追剥をしてしまい申し訳のしようもなく、御仕置を仰せ付けられましても毛頭恨みは致しません。

【返答】追剥であれば死罪とすべきだが、本件は追落としとみてよい。よって、死罪から一等減刑して流刑として処すべきである。

【コメント】
・本件は口書(供述調書)が引用されており、様々なことが分かります。
・本件の被告人仙次郎は、甲州(山梨県)の出身です。当時は人別帳のある村から勝手に抜けることは違法であり、この違法な状態を「無宿」といっていました。仙次郎は甲州出身の無宿なので、「甲州無宿仙次郎」と呼ばれています。
・甲州出身の仙次郎が村を抜けて、生活をしていたのが、信州善光寺町です(現長野市元善町)。門前町だけあって栄えており、それに伴い無宿者も流れ込んできています。
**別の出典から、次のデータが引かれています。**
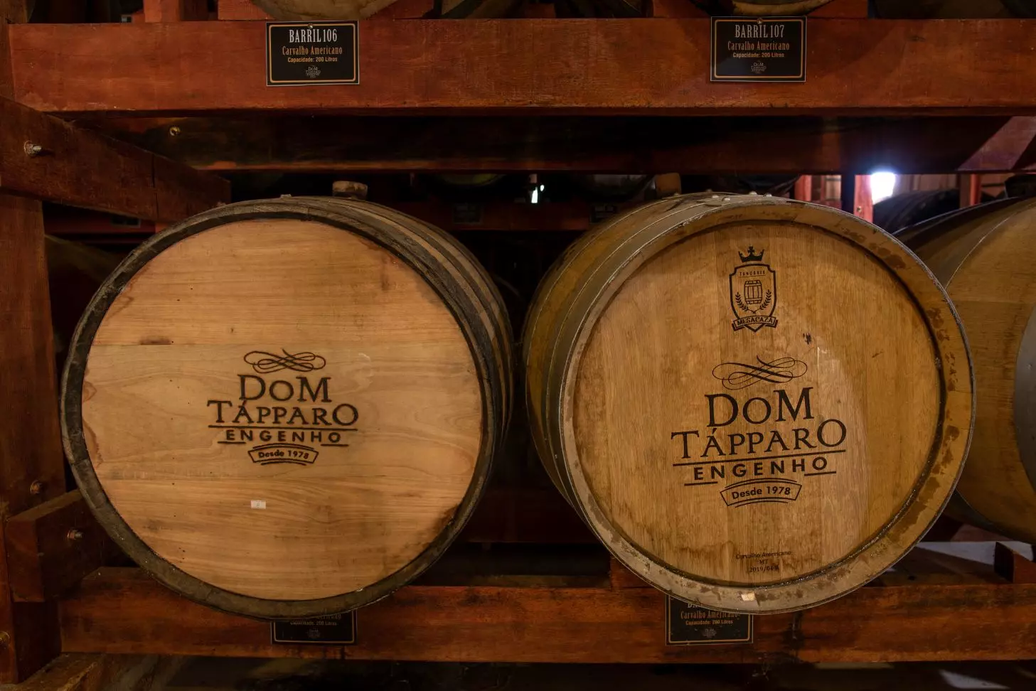 As cachaças envelhecem em barris de madeiras nobres, como Carvalho Europeu e Americano, Amburana, Jequitibá Rosa e Amendoim, resultando em rótulos complexos, equilibrados e com identidade marcante.

仙次郎の姉は無宿者の春吉と結婚して、善光寺町に住んでおり、仙次郎も姉夫婦を頼ってこの町にやってきたのでした。
・仙次郎は「春吉の子分として」同居しており、また本件犯行に加わった清之助らも春吉の子分とありますから、徒党を組んでヤクザのようになっていたと思われます。
・仲間と夜に酒を飲んでいるのに、唐突に「和田村の長五郎のところに行って金を借りて来ようぜ」という話しになることもおかしいですし、その際に木刀を持って行くのも変です。押しかけ強盗をしにいくのだろうと見るのが自然です。それをあくまでも「金を借りにいく」と強弁する仙次郎はどっぷりとヤクザの世界にハマっているようです。
・犯行場所は三輪村(長野市三輪)です。善光寺町からは北国街道で約1.4 km。
上額山 善光寺-三輪(旧北国街道/相ノ木通り/県道399号経由)(1.4 km)

善光寺 to 三輪

善光寺 to 三輪


・本件は、夜間に往路で金を奪おうと考え、往来の者が逃げたが転んでしまったことに乗じて、金を出せと脅して6両強をとったというもので、現代なら強盗罪の共犯、被害者が怪我をしていれば強盗致傷罪の共犯となります。 しかし、江戸時代は追剥と追落としの区別がされており、量刑に大きな差がありました。
・公事方御定書では追剥は獄門、追落は死罪であり、追剥の方がかなりの重罪と考えられていました。両者の区別は衣類の剥ぎ取りをしたものが追剥、懐中物の奪取をしたものは追落と考えられていました(石井良助『盗み・ばくち』)。
・本件の犯行は懐中物の奪い取りであり、衣類の剥ぎ取りは行っていませんから、「追落」です。追剥にはなりません。
・このような考え方から、【返答】では「追剥であれば死罪とすべきだが、本件は追落としとみてよい。よって、死罪から一等減刑して流刑として処すべきである。」としているのです。